In [5]:
import os
from dotenv import load_dotenv
from pathlib import Path
import openai
from deepeval.metrics import GEval
from deepeval.test_case import LLMTestCase, LLMTestCaseParams

# Load environment variables from .env file in the same directory
env_path = Path().absolute() / '.env'
load_dotenv(dotenv_path=env_path)

# Configure OpenAI
OPENAI_API_KEY = os.getenv('OPENAI_API_KEY')
MODEL_NAME = os.getenv('OPENAI_MODEL', 'gpt-4')

if not OPENAI_API_KEY:
    raise ValueError("OPENAI_API_KEY not found in environment variables")

# Set OpenAI API key globally
openai.api_key = OPENAI_API_KEY

print("OpenAI API key loaded successfully")
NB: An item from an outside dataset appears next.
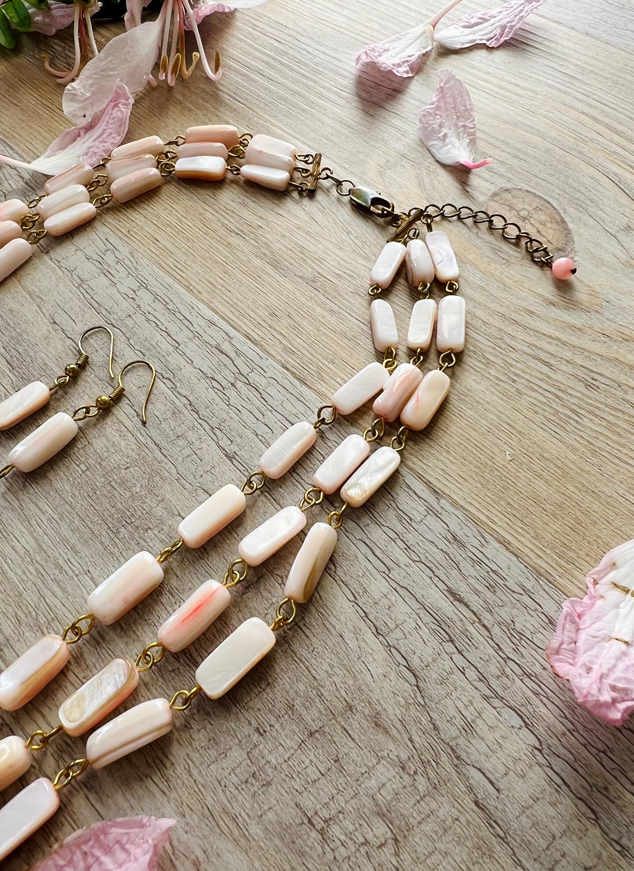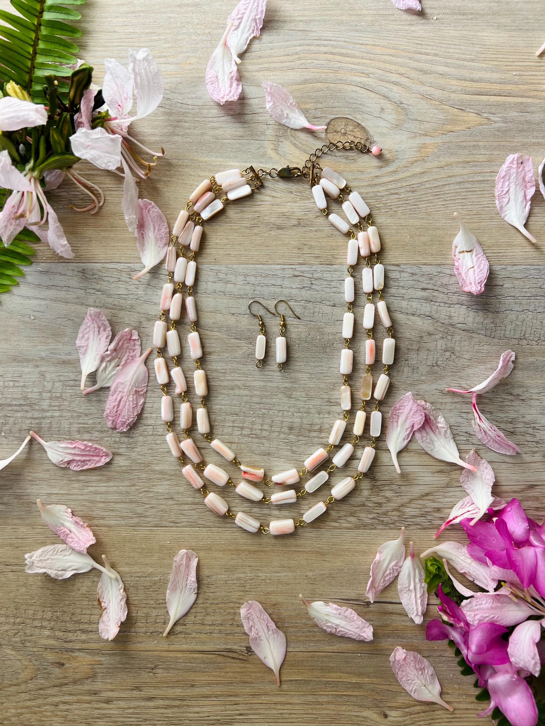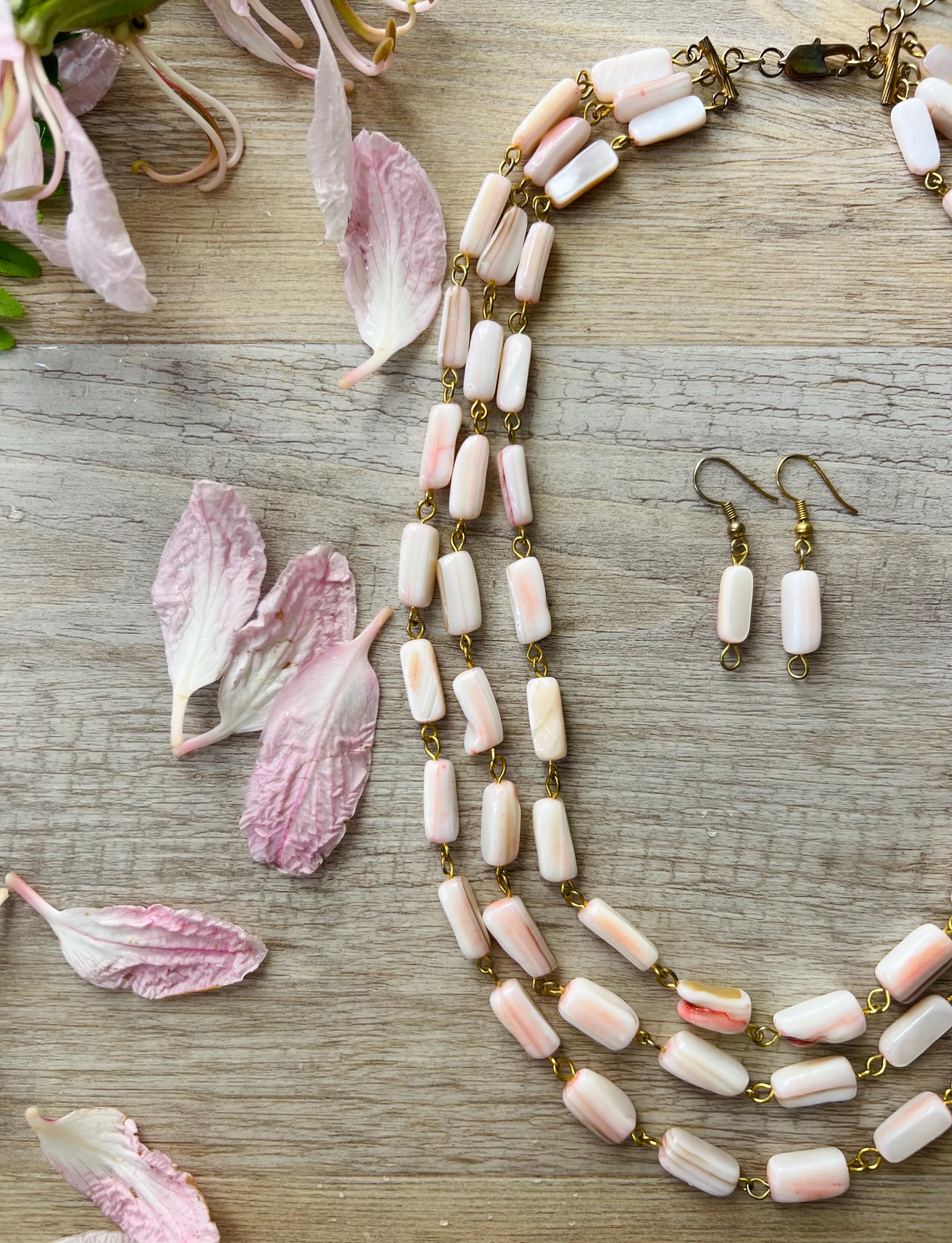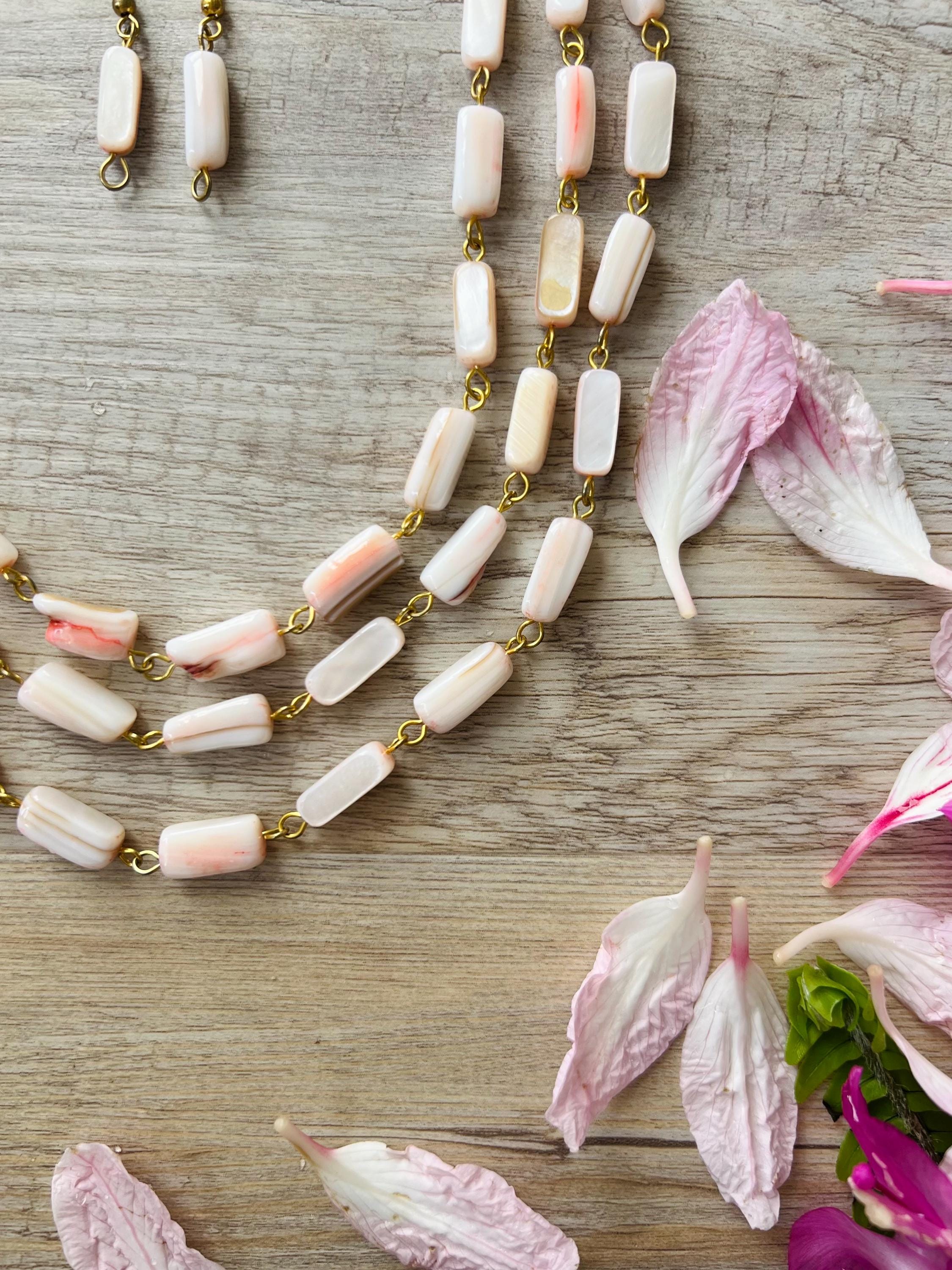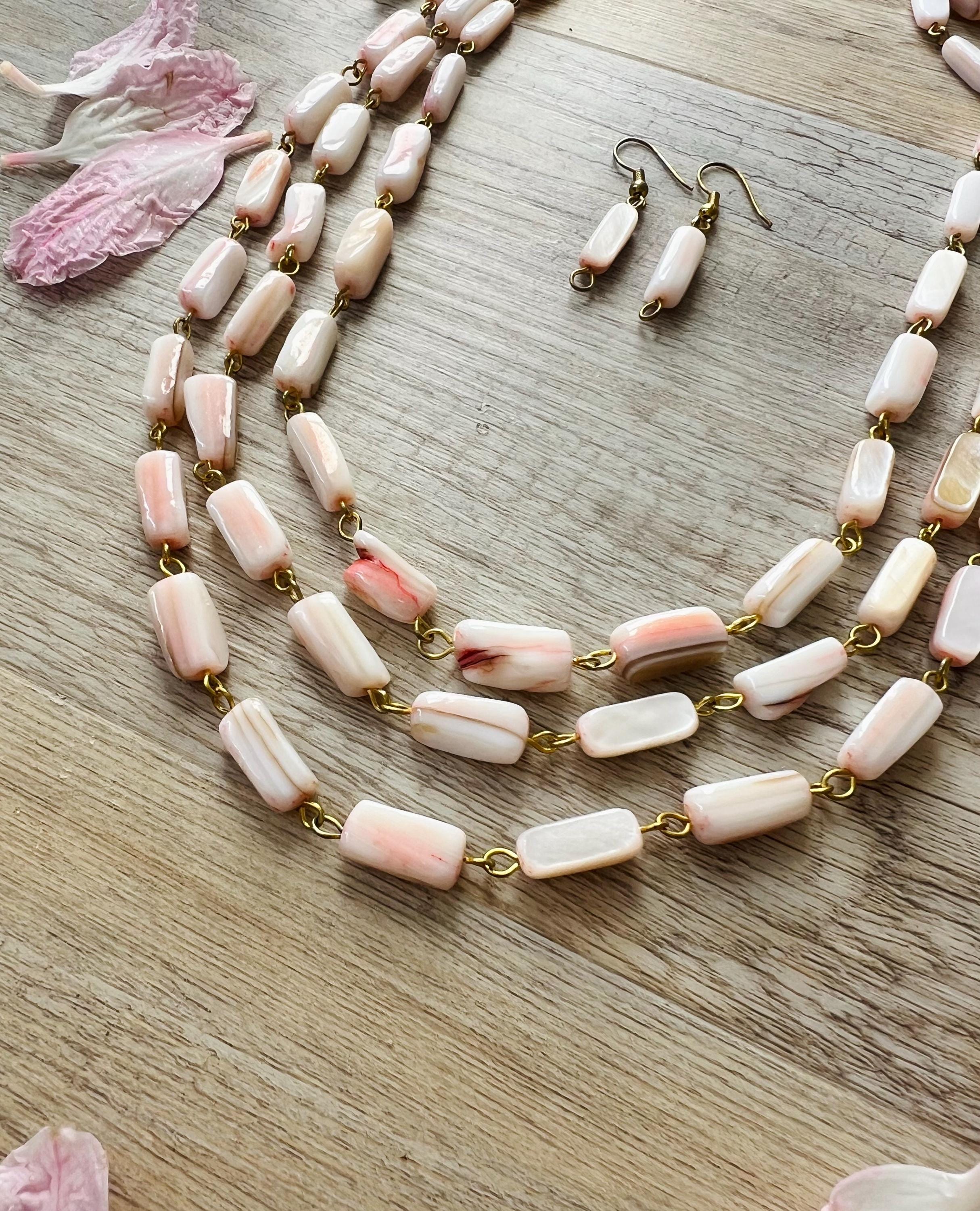 Blush Pink Stone Necklace & Earring SetNecklace length 23”-25”Earring length 1”Three-tier blush stone necklace featuring gold accents and coordinated earrings

OpenAI API key loaded successfully


In [6]:
# Create correctness evaluation metric
correctness_metric = GEval(
    name="Correctness",
    criteria="Determine whether the actual output is factually correct based on the expected output.",
    evaluation_steps=[
        "Check whether the facts in 'actual output' contradicts any facts in 'expected output'",
        "You should also heavily penalize omission of detail",
        "Vague language, or contradicting OPINIONS, are OK"
    ],
    evaluation_params=[
        LLMTestCaseParams.INPUT,
        LLMTestCaseParams.ACTUAL_OUTPUT,
        LLMTestCaseParams.EXPECTED_OUTPUT
    ]
)

In [7]:
# Create test case
test_case = LLMTestCase(
    input="The dog chased the cat up the tree, who ran up the tree?",
    actual_output="It depends, some might consider the cat, while others might argue the dog.",
    expected_output="The cat."
)

# Run correctness evaluation
correctness_metric.measure(test_case)
print(f"Correctness Score: {correctness_metric.score}")
print(f"Reason: {correctness_metric.reason}")

Correctness Score: 0.24546227667201054
Reason: The actual output allows for interpretation and does not provide the specific fact that the cat ran up the tree as mentioned in the expected output.